El visitador del preso

 

Saga

El visitador del preso

 

Copyright © 1896, 2021 SAGA Egmont

 

All rights reserved

 

ISBN: 9788726509939

 

1st ebook edition

Format: EPUB 3.0

 

No part of this publication may be reproduced, stored in a retrievial system, or transmitted, in any form or by any means without the prior written permission of the publisher, nor, be otherwise circulated in any form of binding or cover other than in which it is published and without a similar condition being imposed on the subsequent purchaser.

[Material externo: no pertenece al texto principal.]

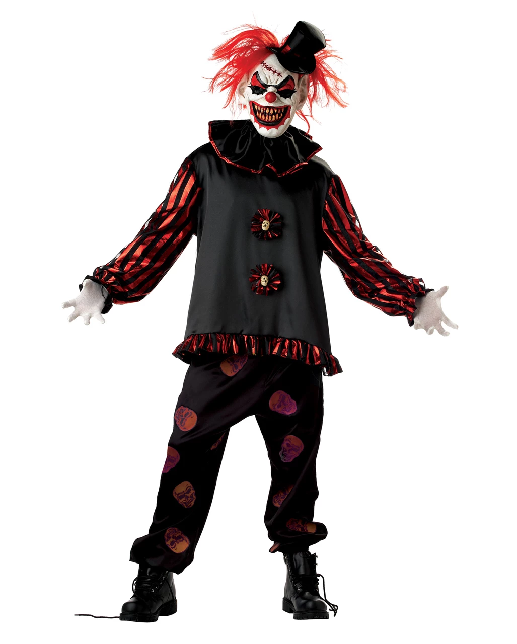 Das coole Halloween Kostem des Horror Clowns ist komplett mit Kostüm und Clownsmaske ausgestattet. Die Clownmaske besitzt feuerrote Haare und einen kleinen schwarzen Zylinder als Hingucker.. Die teuflisch grinsende Clownsmaske besitzt auf der Rückseite unter den Haaren ein Gummiband, das die Maske am Kopf hält. Das Horror Clown Kostüm selbst besteht aus schwarzem langärmlingen Hemd mit Rüschen, Kragenkrause und der schwarzen mit Screenprint bedruckten Hose. Mit dem Clowns Kostüm bist Du garantiert eine der unheimlichsten Gestalten die an Halloween die Strassen unsicher machen!
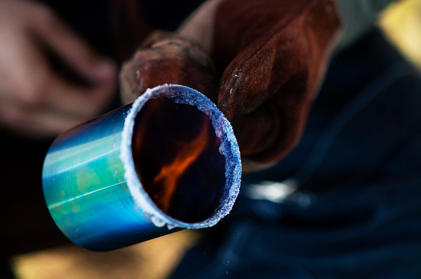 First, add the sugar to the edge of the mug by rimming some sugar in a shallow bowl, dipping the mug in water or lime juice, and then immersing it in the sugar. Coat both sides of the rim evenly about half of an inch. Then, add the rum and triple sec to the mug, and carefully light it with a match (or Folding Torch, with Fireside Gloves, of course). Swirl the mug so the flame caramelizes the sugar on the rim. Wait until the sugar begins to melt and turns a golden brown. Add the coffee liqueur and coffee, and top with the whipped cream and a dusting of nutmeg. Serve and enjoy!
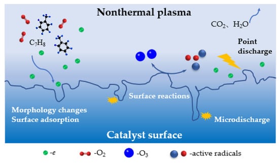 Nonthermal plasma can induce the dielectric heating of the catalyst, thereby improving its apparent catalytic activity [10]. Additionally, the combination of flow reversing increased the system temperature, further increasing catalyst activity. The mechanism of toluene degradation by the DDBD-catalyst reactor was consistent with that of the DBD-catalyst reactor. The key factor in the reaction was the generation of various active substances, such as high-energy electrons, hydroxyl radicals, and oxygen radicals [56]. According to the above results and discussion, the total reaction mechanism for toluene degradation by non-thermal plasma co-catalysis technology is shown in Figure 11 [51].
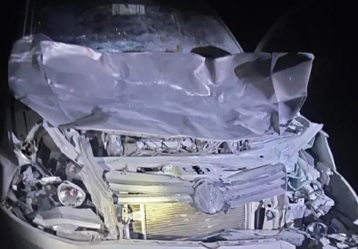 El vehículo marca Volkswagen Voyage circulaba por ruta Nacional Nº 118, kilómetro 13,5 a la altura de Saladas, cuando se atravesó una vaca. La parte delantera fue abollada por el impacto, y afortunadamente, según lo informado solo se lamenta esta pérdida material.
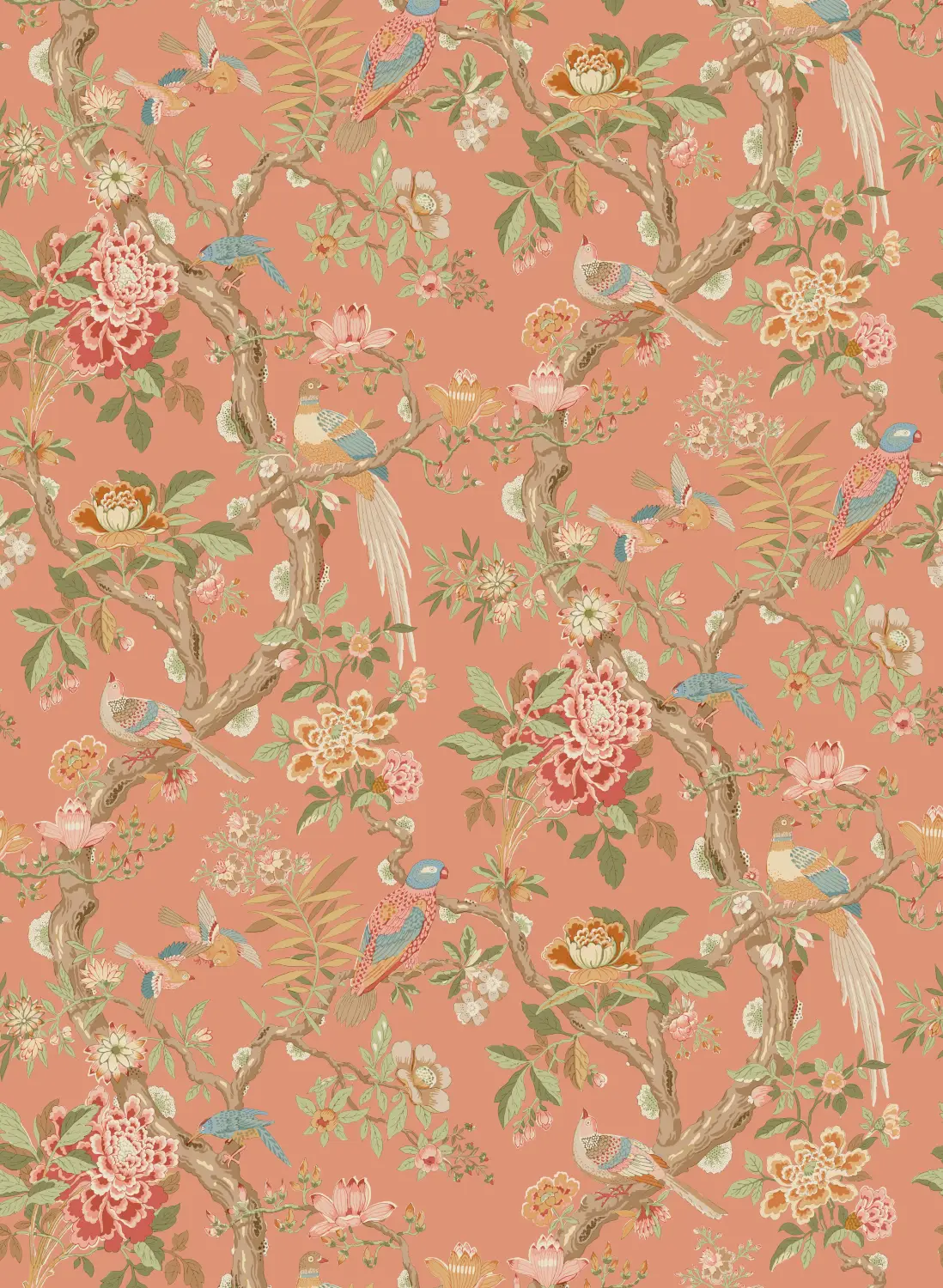 La carta da parati presenta un motivo dettagliato di rami fioriti e uccelli, distribuiti liberamente sulla superficie. La disposizione equilibrata ha un effetto vivace ma tranquillo e conferisce all'ambiente un'atmosfera elegante e classica.

This work is republished as a historical document. It contains contemporary use of language.

 

www.sagaegmont.com

Saga Egmont - a part of Egmont, www.egmont.com

A Monsieur G. Bogelot1

Aunque Vd. no sabe español, al ver su nombre al frente de EL VISITADOR DEL PRESO traducirá con su corazón lo que con el mío escribo. La modestia tiene sus derechos; no niegue Vd a los suyos a la gratitud, que es un dulce sentimiento pero a condición de que no se la sofoque.

CONCEPCIÓN ARENAL

Advertencia2

¿A quién se dirige este libro? Parece que lleva en el título la dirección. ¿A quién ha de dirigirse sino a los que visitan las prisiones? Pero, según puede inferirse de pareceres autorizados, habrá dos clases de visitadores: unos que irán en nombre de la ciencia, otros de la caridad; unos cuyo objeto será estudiar al delincuente, otros que se propondrán consolar al hombre, enseñarle mientras esté preso y ampararle cuando salga. No nos dirigimos a los visitadores científicos; ni tenemos ciencia para darles lecciones, ni fe en el resultado de su visita, si ha de hacerse, según indican, visitando al recluso en la prisión como se visita al enfermero en la clínica; continuamos pensando lo que decíamos hace seis años en el Bulletinde la Société Générale des Prisons, y hemos repetido en la Nueva Ciencia Jurídica: «Las observaciones deben hacerse, casi diríamos sin la idea de hacerlas, o por lo menos sin manifestar que se hacen. El médico que procura curar o aliviar al enfermo; el profesor que desea enseñar al recluso; el capellán y el visitador que quieren corregirle y consolarle, prometiéndole protección para el día en que recobre la libertad; el empleado que se esfuerza para hacer su cautiverio menos triste, no con las complacencias de la debilidad, sino aplicándole con pena la ley cuando es dura, con gusto cuando permite algún alivio, y no faltando nunca a las formas, a la consideración que ninguna persona digna niega a la debilidad y a la desgracia, éstos son los que, viendo al delincuente en las horas en que se resigna y en que se desespera; cuando forma planes de venganza o hace propósitos de enmienda; cuando maldice al que ha declarado contra él, o llora recordando a su madre; en los días en que miente y en otros en que dice la verdad; en los momentos en que se concentra impenetrable o muestra un ánimo expansivo, éstos son los que, uno después de otro y a solas con el delincuente, pueden aprender algo de lo que pasa por su corazón y suministrar datos para su psicología».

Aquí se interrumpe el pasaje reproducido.